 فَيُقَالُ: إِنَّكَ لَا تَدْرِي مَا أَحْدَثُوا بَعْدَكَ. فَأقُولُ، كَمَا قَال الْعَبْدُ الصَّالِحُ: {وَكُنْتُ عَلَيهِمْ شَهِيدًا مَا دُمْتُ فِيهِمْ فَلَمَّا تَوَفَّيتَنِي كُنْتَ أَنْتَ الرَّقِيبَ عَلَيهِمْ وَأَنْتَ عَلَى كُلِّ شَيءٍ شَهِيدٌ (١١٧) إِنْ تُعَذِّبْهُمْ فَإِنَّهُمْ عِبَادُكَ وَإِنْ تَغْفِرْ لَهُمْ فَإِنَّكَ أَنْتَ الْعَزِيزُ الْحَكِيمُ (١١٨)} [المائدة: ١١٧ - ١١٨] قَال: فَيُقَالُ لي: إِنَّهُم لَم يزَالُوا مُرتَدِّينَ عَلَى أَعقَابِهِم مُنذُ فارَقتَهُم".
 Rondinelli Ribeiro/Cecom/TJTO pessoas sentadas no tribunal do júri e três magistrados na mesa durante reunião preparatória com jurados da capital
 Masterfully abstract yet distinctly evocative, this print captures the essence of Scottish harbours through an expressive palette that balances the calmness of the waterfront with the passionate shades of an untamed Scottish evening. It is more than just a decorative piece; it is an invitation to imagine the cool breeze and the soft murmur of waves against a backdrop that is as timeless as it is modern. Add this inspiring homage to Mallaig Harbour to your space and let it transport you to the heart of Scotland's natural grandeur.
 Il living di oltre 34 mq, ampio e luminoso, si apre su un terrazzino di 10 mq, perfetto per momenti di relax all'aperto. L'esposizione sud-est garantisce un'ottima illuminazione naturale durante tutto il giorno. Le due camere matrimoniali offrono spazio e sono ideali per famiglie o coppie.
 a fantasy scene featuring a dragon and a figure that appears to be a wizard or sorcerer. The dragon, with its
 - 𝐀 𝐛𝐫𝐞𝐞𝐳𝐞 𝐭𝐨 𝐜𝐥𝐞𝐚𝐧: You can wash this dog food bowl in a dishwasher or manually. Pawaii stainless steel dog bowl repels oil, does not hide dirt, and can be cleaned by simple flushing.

::::::::

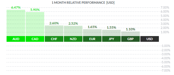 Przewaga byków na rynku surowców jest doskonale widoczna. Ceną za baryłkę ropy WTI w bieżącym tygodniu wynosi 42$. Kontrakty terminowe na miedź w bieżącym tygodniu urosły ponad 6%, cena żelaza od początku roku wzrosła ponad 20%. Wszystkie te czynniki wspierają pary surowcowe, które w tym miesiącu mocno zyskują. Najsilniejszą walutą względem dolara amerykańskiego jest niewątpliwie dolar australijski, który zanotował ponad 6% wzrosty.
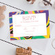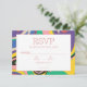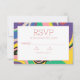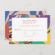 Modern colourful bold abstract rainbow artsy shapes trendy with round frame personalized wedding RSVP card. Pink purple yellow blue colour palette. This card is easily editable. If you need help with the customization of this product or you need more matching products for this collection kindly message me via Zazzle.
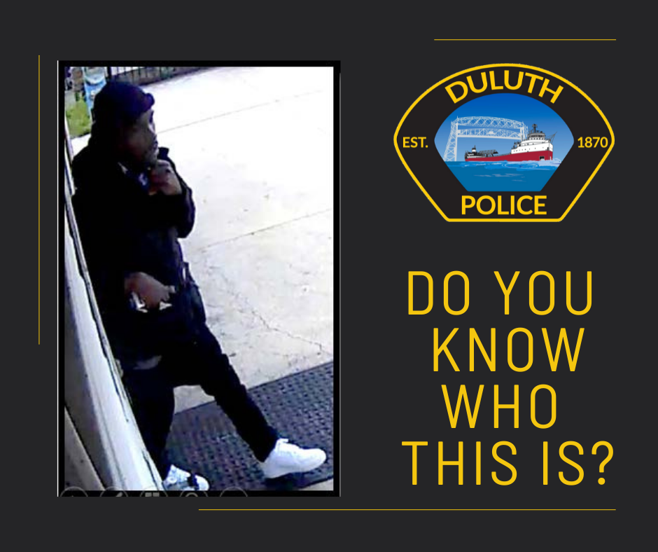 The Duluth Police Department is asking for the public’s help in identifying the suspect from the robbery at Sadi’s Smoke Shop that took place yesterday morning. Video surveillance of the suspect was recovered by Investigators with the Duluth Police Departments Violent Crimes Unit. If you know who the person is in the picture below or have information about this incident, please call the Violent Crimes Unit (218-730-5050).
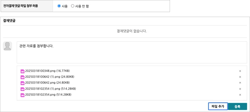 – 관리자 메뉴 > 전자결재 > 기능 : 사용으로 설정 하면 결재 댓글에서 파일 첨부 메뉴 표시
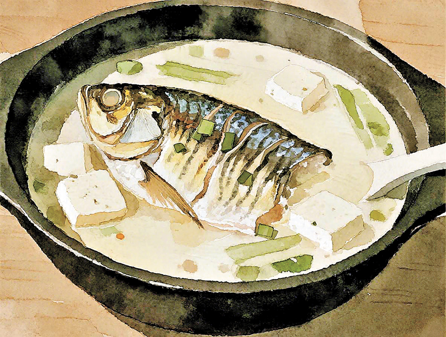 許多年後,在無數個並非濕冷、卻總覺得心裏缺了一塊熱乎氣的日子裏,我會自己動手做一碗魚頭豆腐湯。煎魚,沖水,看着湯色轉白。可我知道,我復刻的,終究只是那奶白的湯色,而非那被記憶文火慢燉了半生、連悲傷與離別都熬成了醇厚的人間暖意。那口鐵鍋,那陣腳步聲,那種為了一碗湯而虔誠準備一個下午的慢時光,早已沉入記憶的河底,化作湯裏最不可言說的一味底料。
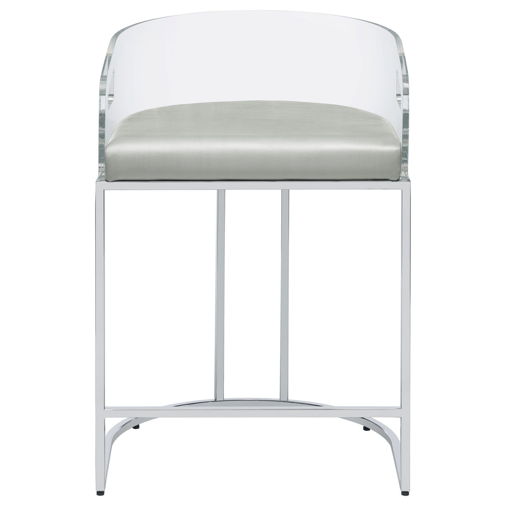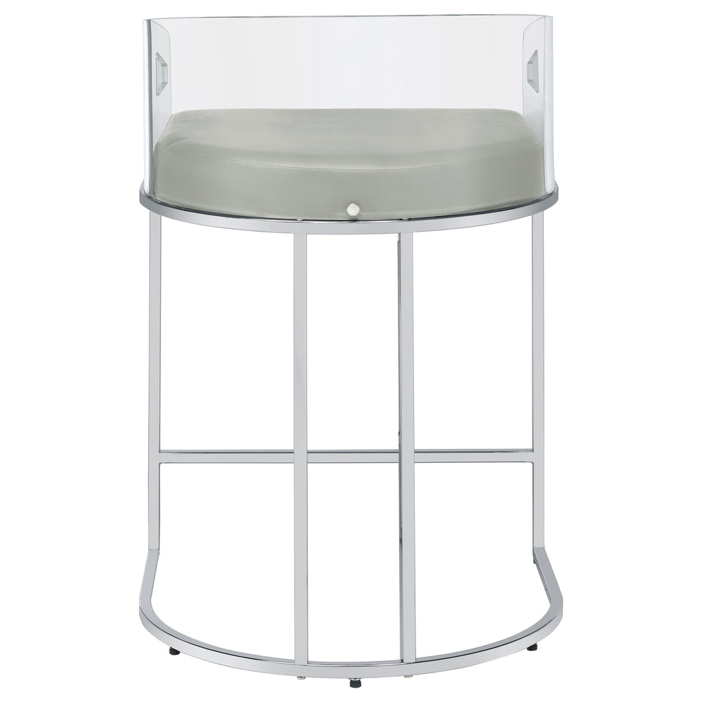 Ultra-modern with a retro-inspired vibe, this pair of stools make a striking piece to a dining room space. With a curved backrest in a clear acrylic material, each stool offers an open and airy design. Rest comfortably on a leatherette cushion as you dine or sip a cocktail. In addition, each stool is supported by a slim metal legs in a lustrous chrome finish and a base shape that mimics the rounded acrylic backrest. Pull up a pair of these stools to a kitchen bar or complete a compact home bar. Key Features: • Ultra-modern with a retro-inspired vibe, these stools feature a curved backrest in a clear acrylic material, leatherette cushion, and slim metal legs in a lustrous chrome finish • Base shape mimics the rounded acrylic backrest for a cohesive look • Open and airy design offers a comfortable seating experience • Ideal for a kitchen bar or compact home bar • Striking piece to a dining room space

::::::::

WHAT TO DO –
Transcribe only the lines above that start at the line containing "許多年後,在無數個並非濕冷、" and end at the line containing "Ultra-modern with a retro-inspired vibe, this". Omit pictures.

EXPECTED OUTPUT –
 許多年後,在無數個並非濕冷、卻總覺得心裏缺了一塊熱乎氣的日子裏,我會自己動手做一碗魚頭豆腐湯。煎魚,沖水,看着湯色轉白。可我知道,我復刻的,終究只是那奶白的湯色,而非那被記憶文火慢燉了半生、連悲傷與離別都熬成了醇厚的人間暖意。那口鐵鍋,那陣腳步聲,那種為了一碗湯而虔誠準備一個下午的慢時光,早已沉入記憶的河底,化作湯裏最不可言說的一味底料。
 Ultra-modern with a retro-inspired vibe, this pair of stools make a striking piece to a dining room space. With a curved backrest in a clear acrylic material, each stool offers an open and airy design. Rest comfortably on a leatherette cushion as you dine or sip a cocktail. In addition, each stool is supported by a slim metal legs in a lustrous chrome finish and a base shape that mimics the rounded acrylic backrest. Pull up a pair of these stools to a kitchen bar or complete a compact home bar. Key Features: • Ultra-modern with a retro-inspired vibe, these stools feature a curved backrest in a clear acrylic material, leatherette cushion, and slim metal legs in a lustrous chrome finish • Base shape mimics the rounded acrylic backrest for a cohesive look • Open and airy design offers a comfortable seating experience • Ideal for a kitchen bar or compact home bar • Striking piece to a dining room space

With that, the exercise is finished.